Psychopaths versus sociopaths part 2

“Psychopath. Successful Psychopath.” – http://huff.to/1MbblrH

In some ways sociopaths and psychopaths are opposite ends of a spectrum, with psychopaths only adopting rules that are selfishly expedient, and changing them when expedient, whereas for a sociopath the rules are important, just not generally accepted rules, and those rules may outweigh all other considerations, even human life or the sociopaths own life.

A psychopath is driven by urges and what he deems expedient, a sociopath by what he believes is necessary.

A psychopath is only reliable to the degree his interests are temporarily in alignment, if he recognizes that fact and doesn’t have a stronger impulse.

I would be looking more for high functioning sociopaths.  The greatest heros and worst monsters have features of that type.

Sociopaths like rules and have disdain for rules that don’t agree, but that leaves it an open question whether their rules are good or bad, and if they are good, whether they are better.

Normal people mostly adopt what might be called the ambient morality around them, and that is not always good. 

If someone is raised in a racist, homophobic environment, the odds are overwhelming that he will be racist and homophobic.
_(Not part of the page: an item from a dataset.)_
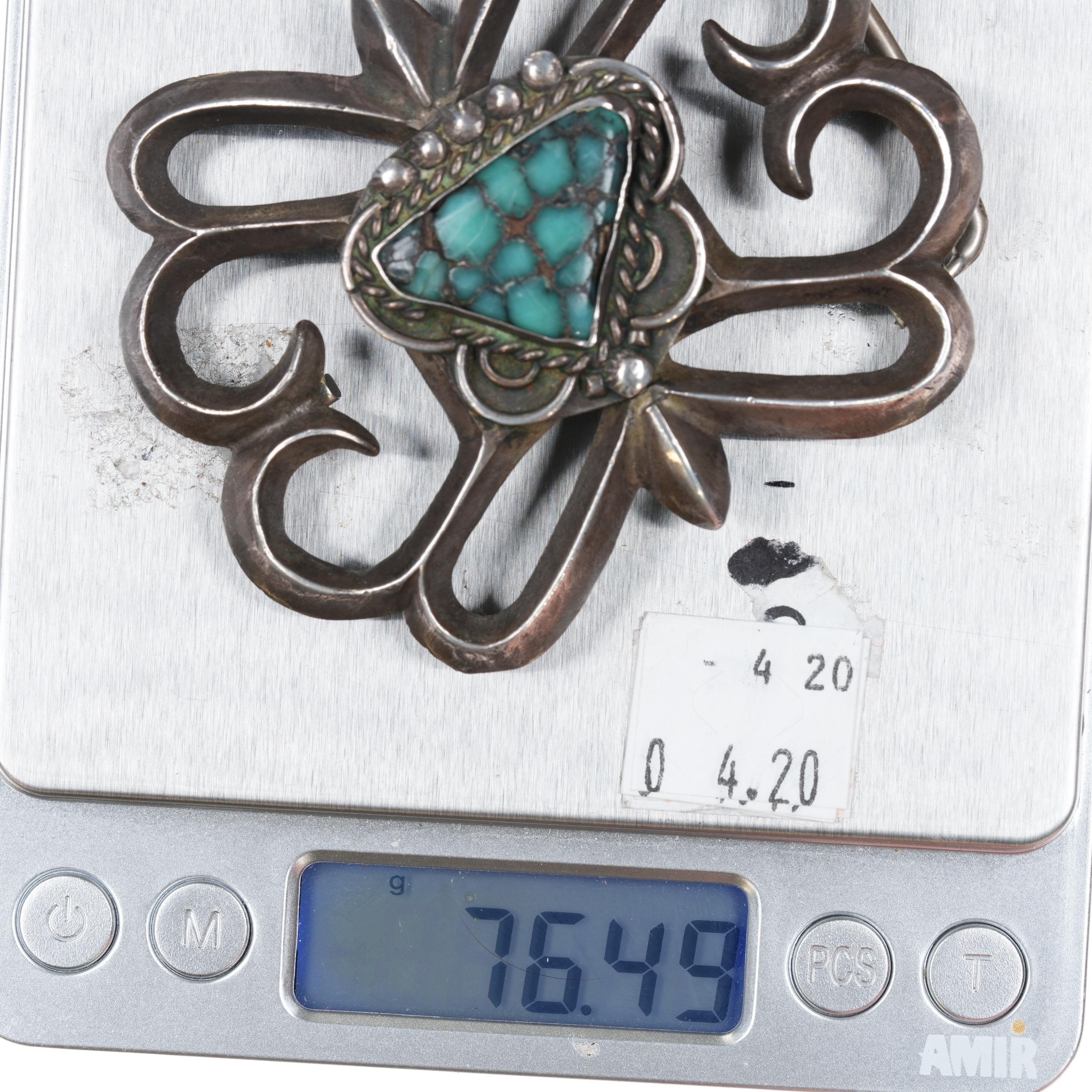 c1960's Vintage Navajo cast sterling silver belt buckle with spiderweb turquoise

That is, sometimes it is a good thing to oppose conventional morality and that there are people around that are missing the brain widget that results in uncritically accepting the conventional principles.

Sometimes you need someone that will start what is at the time the bloodiest war in history (Lincoln), or that risks martyrdom (Jesus), or who convinces masses to march on an enemy at great personal risk without fighting back (Gandhi).  You see some of the same features with the hero agent from WW2.  That level of commitment regardless of personal consequences is not psychopathy.

And the boundary between hero and monster is Robespierre, and on looking at the historical record, his initial campaign of eliminating oppressing classes was necessary, keeping around wounded, powerful adversaries would have resulted in inevitable failure.  If something is necessary there is no point in asking whether it ought to be done, the question is irrelevant.  We all owe Robespierre a debt, his victory was as important to the world we live in as the American revolution.

On the other side, the monsters, there are people like Hitler and the serial killer Pickton.  When a sociopath has absolute commitment to the worst principles he can do a lot of damage.